5.5 Protocol for the ventilator management of patient with ALI/ARDS following Seasonal Influenza:

Indications for Mechanical Ventilation:

♦ Severe Respiratory Failure

♦ Failure to achieve oxygen saturation of > or equal to 90% (or pO2 of > or equal to 60 mm Hg) on an FIO2 < 0.6.

Ventilator Settings:

♦ Pressure pre-set (controlled)

♦ Low tidal volume ventilator support

♦ Tidal volume - 6 ml/kg ideal body weight (Respiratory rate to a maximum of 3035 per minute).
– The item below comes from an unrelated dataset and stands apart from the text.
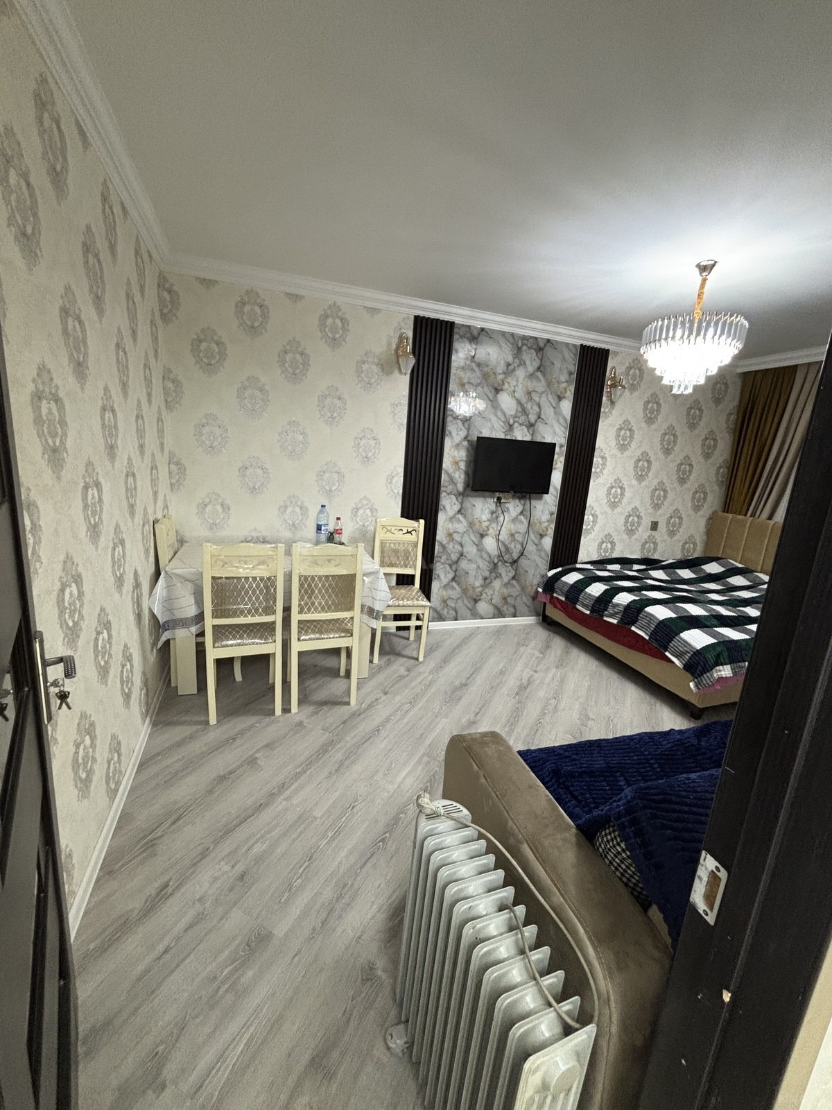 Mətbəx mebeli, şkaf, divan, Tv, jurnalni, ariston (80 L), qaz plitası və yeni pərdələr ilə təchiz olunub

♦ Open lung strategy of ventilation with PEEP titration to keep the lung recruited to achieve an FIO2 of < 0.5 and a saturation of > 90% or a PaO2 of > 60 mmHg Plateau (Pause) pressure not to exceed of > 30-35 mmHg.

♦ Alternative modes of ventilation APRV (Airway Pressure Release Ventilation), IRV (Inverse Ratio Ventilation) in patients with persistent Hypoxemia (SpO2 of < 88-90% with high PEEP & FIO2 > 0.8).

♦ Rescue therapy - recruitment manoeuvres, Sedation, Neuromuscular Blockage & Prone Ventilations can be considered if above oxygen goals are not met.

6. Discharge Policy

♦ Adult patients should be discharged 7 days after symptoms have subsided.

♦ Children should be discharged 14 days after symptoms have subsided.